Notes on non-parametric regression & smoothing

Ordinary least squares regression analysis makes a few strong assumptions about the data:

• A linear relationship of y to the x’s, so that $$y | x = f(x) + \epsilon$$ • That the conditional distribution of y is, except for its mean, everywhere the same, and that this distribution is a normal distribution $$y \sim \mathcal{N}(f(x), \sigma)$$ • That observations are sampled independently, so the \(y_i\) and \(y_j\) are independent for \(i \neq j\).

There are a number of ways in this things can go wrong, for example:
• The errors may not be independent (common in time series data)
• The conditional variance of the residual error may not be constant in \(x\)
• The conditional distribution of \(y\) may be very non-Gaussian.

There are a few ways out, centering around non-parametric methods.  

Kernel Estimation: This is really a non-parametric smoothing method. The y value estimated for a given input x depends upon the weight of each labelled data point which in turn depends upon the distance between the input x and the labelled data points. 

$$\hat{y} = \frac{\sum_i w_i y_i}{\sum_i w_i},$$ where \(w_i = K(\frac{x - x_i}{h})\). \(K(\cdot)\) is a Kernel function, commonly taken to be the Gaussian Kernel, and \(h\) is a bandwidth parameter that dictates the extent to which labelled data points exert their influence in the weighted average. The weighted estimator is also called a Nadaraya-Watson Estimator. Unlike LOESS however, there is no fitting of parameters involved. The y value is simply the weighted average of the y values of all other labelled data points.

LOWESS / LOWESS: A non-parametric method (i.e. the mount of data one needs to keep around for a model specification grows linearly with the amount of training data) where, for every new input x for which the value y is desired, one computes a weighted version of the quadratic loss used in OLS linear regression. A weight is attached to each training data point, and the weight of a training point depends upon its the distance from the new input x.

SVM regression: Transform data to a higher dimension using the kernel trick and then perform linear regression using a specific type of loss function (epsilon - insensitive) rather than the usual quadratic (squared loss) function. The epsilon-insensitive loss function encourages the support vectors to be sparse.
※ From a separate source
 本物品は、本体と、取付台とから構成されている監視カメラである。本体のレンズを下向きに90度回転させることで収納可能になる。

Imagine doing polynomial regression in the original space by including polynomial terms of the data. The SVM regression achieves a similar effect via the non-linear kernel transform. 
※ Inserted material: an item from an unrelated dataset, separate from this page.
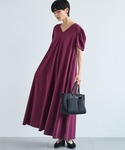 コラボワンピース 一枚サラッと着るだけで華やかなワンピース 布をたっぷり使っているので、歩いた時の裾の揺れる感じがとても綺麗です! 横から見た時に腕がすらっと見えるのがポイントです◎

Gaussian Process regression: Also a non-parametric method, somewhat similar to LOESS in spirit in that all the data points need to be kept around (as in any non-parametric method), but this is a Bayesian method in that it allows not just a point estimate of y for a new input x, but a complete posterior distribution. This is achieved by placing a prior distribution on the values of a Guassian Process (A GP is simply a collection of random variables, any subset of which have a joint Gaussian distribution) via a covariance kernel function that only specifies the covariance between two Guassian Random variables in the GP given their x values (typically, only the distance between their x values matters). The posterior distribution of Y values for a given set of input X values also turns out to be a Gaussian distribution with an easily computable mean and covariance matrix.